Go through the listing below and retype exactly the lines starting at the one with "1 2 3 Рис. 49." and ending at the one with "시청자들을 울컥하게 했다.", skipping pictures.

● **Dataset excerpts**
- Opening Delimiter -
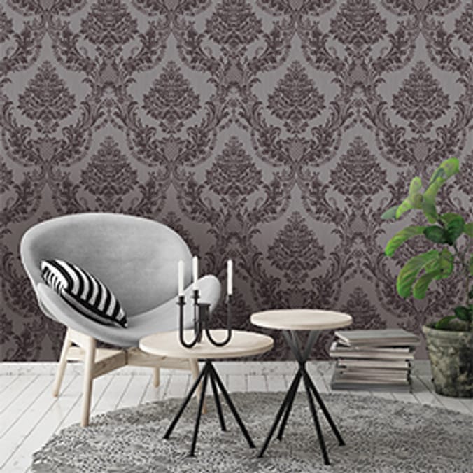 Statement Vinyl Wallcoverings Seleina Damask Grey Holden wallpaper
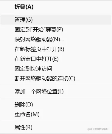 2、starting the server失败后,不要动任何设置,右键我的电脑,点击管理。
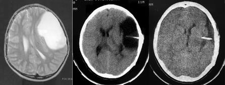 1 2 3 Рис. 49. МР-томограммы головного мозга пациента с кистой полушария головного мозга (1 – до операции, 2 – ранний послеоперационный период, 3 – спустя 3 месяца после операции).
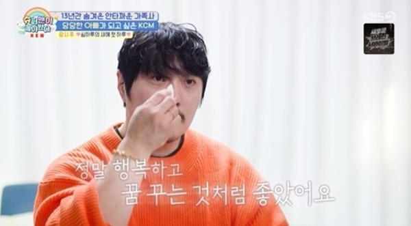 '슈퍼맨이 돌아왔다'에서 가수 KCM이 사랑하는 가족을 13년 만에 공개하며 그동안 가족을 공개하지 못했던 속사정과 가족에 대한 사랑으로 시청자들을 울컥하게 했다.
- Closing Delimiter -
- Opening Delimiter -
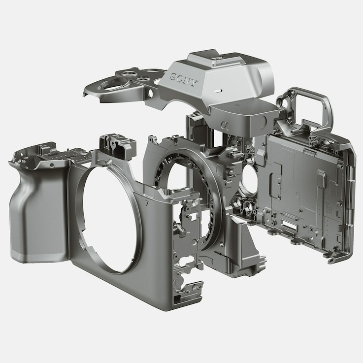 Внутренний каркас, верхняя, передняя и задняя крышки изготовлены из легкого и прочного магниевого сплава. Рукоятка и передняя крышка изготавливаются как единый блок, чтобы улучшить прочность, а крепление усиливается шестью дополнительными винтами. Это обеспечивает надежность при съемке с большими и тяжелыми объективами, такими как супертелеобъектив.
- Closing Delimiter -
- Opening Delimiter -
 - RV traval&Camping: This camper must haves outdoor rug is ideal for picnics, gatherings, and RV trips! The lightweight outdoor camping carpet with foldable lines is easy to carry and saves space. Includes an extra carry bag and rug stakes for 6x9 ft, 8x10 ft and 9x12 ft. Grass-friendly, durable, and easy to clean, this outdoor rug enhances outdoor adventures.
- Closing Delimiter -
● **Task solution**
 1 2 3 Рис. 49. МР-томограммы головного мозга пациента с кистой полушария головного мозга (1 – до операции, 2 – ранний послеоперационный период, 3 – спустя 3 месяца после операции).
 '슈퍼맨이 돌아왔다'에서 가수 KCM이 사랑하는 가족을 13년 만에 공개하며 그동안 가족을 공개하지 못했던 속사정과 가족에 대한 사랑으로 시청자들을 울컥하게 했다.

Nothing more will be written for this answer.